WORK TO BE COMPLETED
Take from the entries below the stretch from the line with "Below is a quick" through the line with "Impossible de résister", and return it exactly, leaving the pictures out.

THE DATA
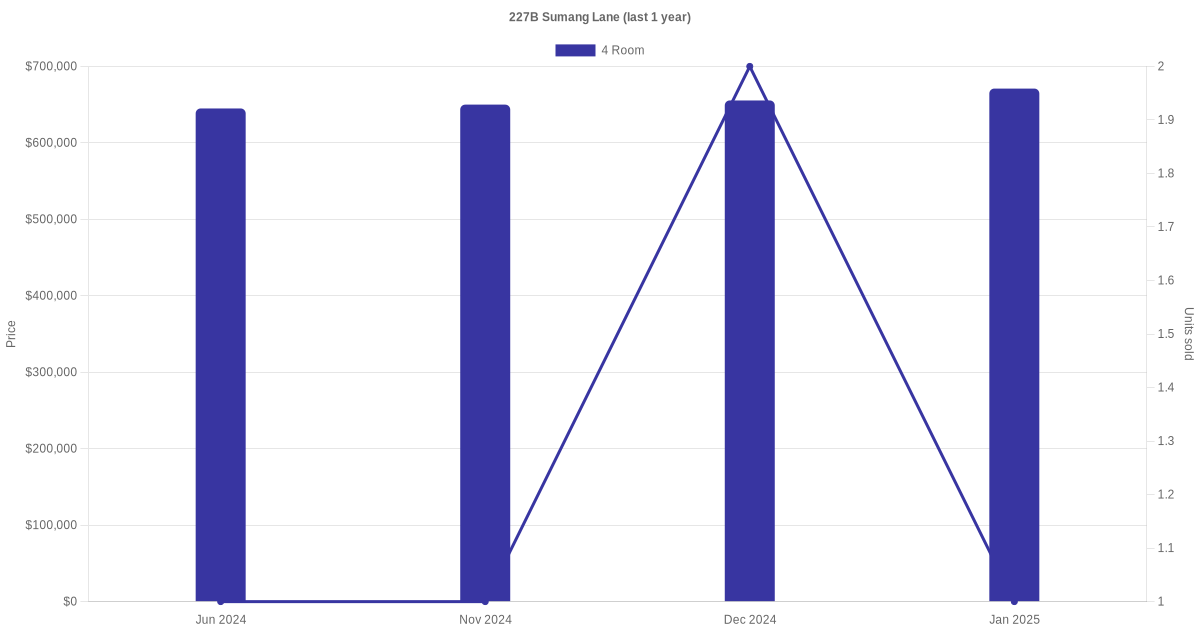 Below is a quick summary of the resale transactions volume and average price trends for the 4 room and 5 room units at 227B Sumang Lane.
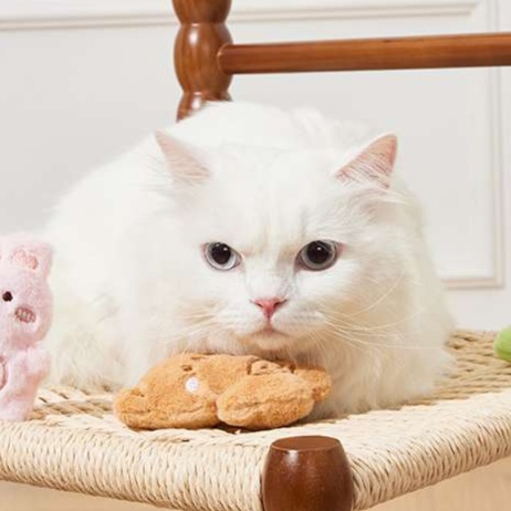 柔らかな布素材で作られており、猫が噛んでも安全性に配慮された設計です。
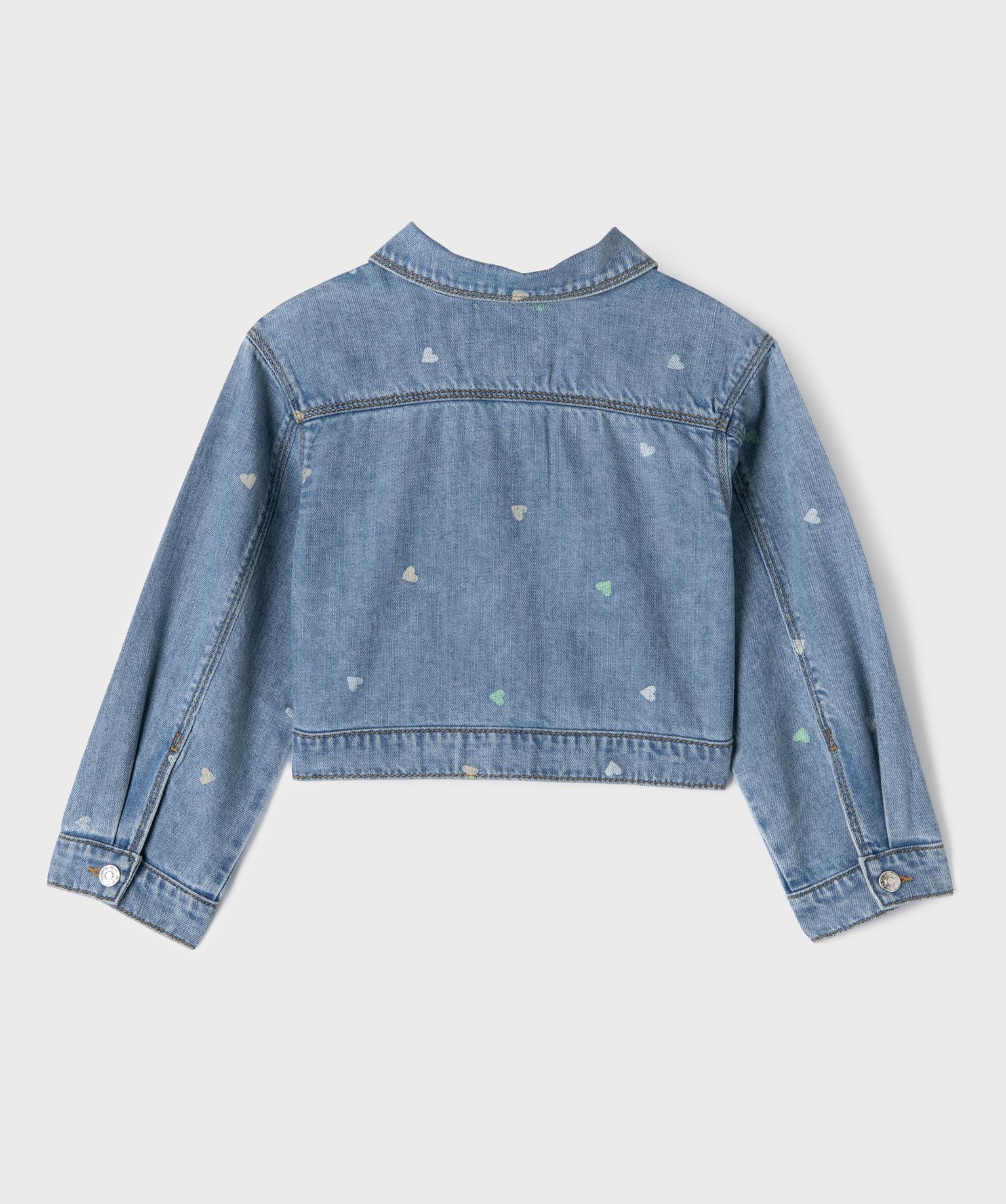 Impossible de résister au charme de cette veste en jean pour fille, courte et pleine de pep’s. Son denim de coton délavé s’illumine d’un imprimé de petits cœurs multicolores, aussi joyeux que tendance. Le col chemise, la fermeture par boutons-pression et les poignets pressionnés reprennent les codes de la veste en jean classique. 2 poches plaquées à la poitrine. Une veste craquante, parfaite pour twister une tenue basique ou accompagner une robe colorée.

...

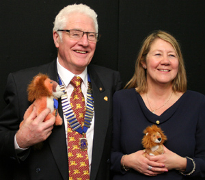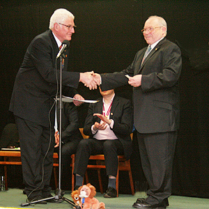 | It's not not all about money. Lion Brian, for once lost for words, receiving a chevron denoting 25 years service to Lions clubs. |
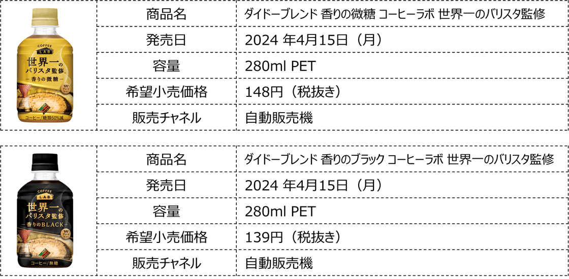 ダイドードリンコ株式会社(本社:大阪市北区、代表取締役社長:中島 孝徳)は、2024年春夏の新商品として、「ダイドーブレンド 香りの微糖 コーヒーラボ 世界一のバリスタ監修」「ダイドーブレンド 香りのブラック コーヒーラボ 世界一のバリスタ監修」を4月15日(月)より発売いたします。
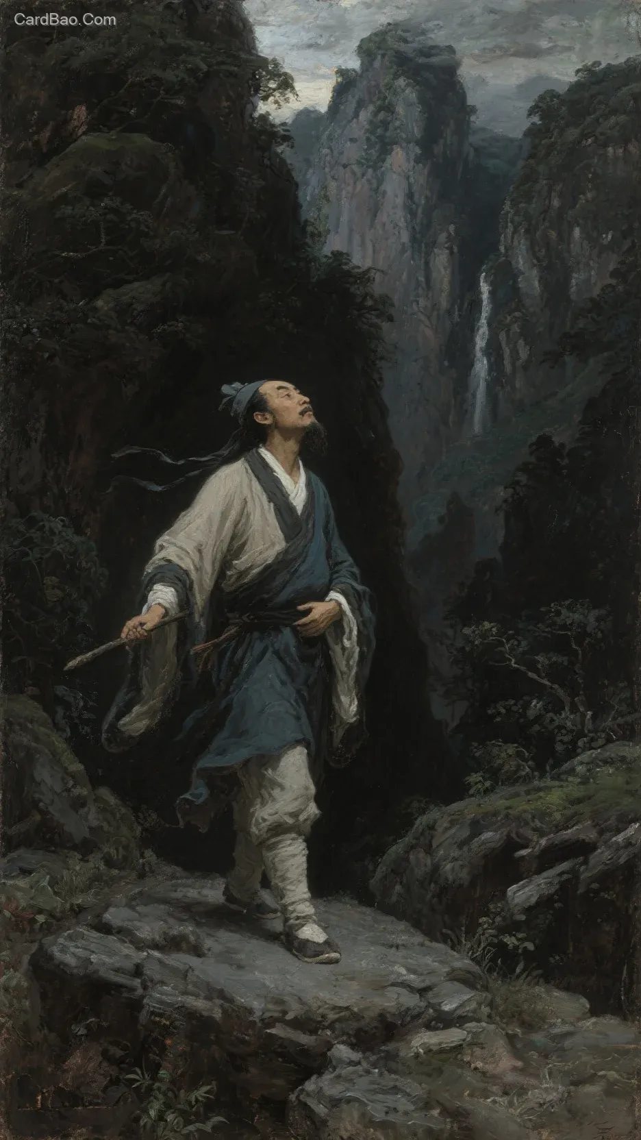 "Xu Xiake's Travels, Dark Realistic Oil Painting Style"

OUTPUT
 Below is a quick summary of the resale transactions volume and average price trends for the 4 room and 5 room units at 227B Sumang Lane.
 柔らかな布素材で作られており、猫が噛んでも安全性に配慮された設計です。
 Impossible de résister au charme de cette veste en jean pour fille, courte et pleine de pep’s. Son denim de coton délavé s’illumine d’un imprimé de petits cœurs multicolores, aussi joyeux que tendance. Le col chemise, la fermeture par boutons-pression et les poignets pressionnés reprennent les codes de la veste en jean classique. 2 poches plaquées à la poitrine. Une veste craquante, parfaite pour twister une tenue basique ou accompagner une robe colorée.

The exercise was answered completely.